The Not-So-Cool Future

markmcb writes "Researchers at Purdue University and several other universities are looking to start work on a major problem standing in the way of future chip design: heat. The team is proposing a new center to consolidate efforts in finding solutions for the problem that is expected to become a reality within the next 15 years as future chips are expected to produce around 10 times as much heat as today's chips. The new center would work to develop circuits that consume less electricity and couple them with micro cooling devices."

But think about the,,,

[Deltaspectre]

Think about the people up in northern Canada, who need that precious heat! Unless this is some evil conspiracy to kill them off?

Nothing new

[koreaman]

What this boils down to is "researches are looking at ways to make cooler chips." Well, duh, haven't they always?

Re:Nothing new

[lrichardson]

A few years back, I read a couple of articles about reversible chips ... run the op through one way, store the results, then run the exact mirror back through. Net heat result was (theoretically) zero. Reality was about 1-2% of regular heat build-up. But I haven't heard anything more on this. Sure, it effectively halves chip speed. And, even at the time, I thought it would be insane to engineer with the pre-emptive tasking coming into vogue. But something that drops heat production by two orders of magnitude seemed worthwhile pursuing. Anyone else heard where this research is at?

Re:Nothing new

[eliasen]

Why is the parent moderated funny?

Reversible computation is quite real, but it doesn't work in the way you explained. You don't need to actually run the computation backwards. To make a long story short, the only time that a reversible computer needs to expend energy as heat is when it's producing output, or setting/clearing variables to a known state. And then, it only requires energy proportional to the number of bits being output, and the temperature. So if you're testing whether a billion-digit number is prime, the entire calculation can take zero energy, except for the one bit of output.

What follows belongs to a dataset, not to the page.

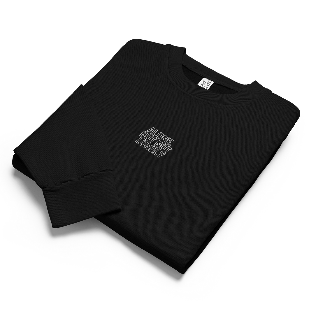 Inspired by the 'Alone, But Not Lonely' EP, this sweatshirt is a reminder that solitude can be full, not empty. It represents the quiet confidence that comes from being at peace with yourself, finding comfort in your own presence while remaining open to connection. It’s about learning to rest in stillness, letting moments of distance become spaces for reflection and growth. Soft, comforting, and intentionally minimal, this one is for those who know that being alone doesn’t mean lacking—it means being whole. Designed for everyday comfort, it’s perfect for late-night drives, journaling, or simply enjoying moments of calm and clarity.
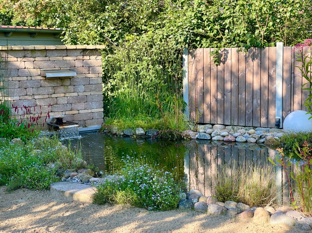 Analog zum Gartenplan und mit dem ästhetischen Gefühl der Auftraggeber entstand jüngst die Teichanlage, ebenfalls in gelungenem Eigenbau. Ein schönes gemeinsames Projekt, das sicher noch nicht zu Ende ist.

Unfortunately, to get truly reversible computing, the computation has to be done arbitrarily slowly.

If you don't have it, Feynman Lectures on Computation has one of the clearest discussions of reversible computation. Very highly recommended, and fun. We're 35+ years past the time when Feynman made these lectures, and we're still nowhere close to the limits or the technology that he described. Techniques for varying the power supply on the chip alone would very greatly reduce energy usage.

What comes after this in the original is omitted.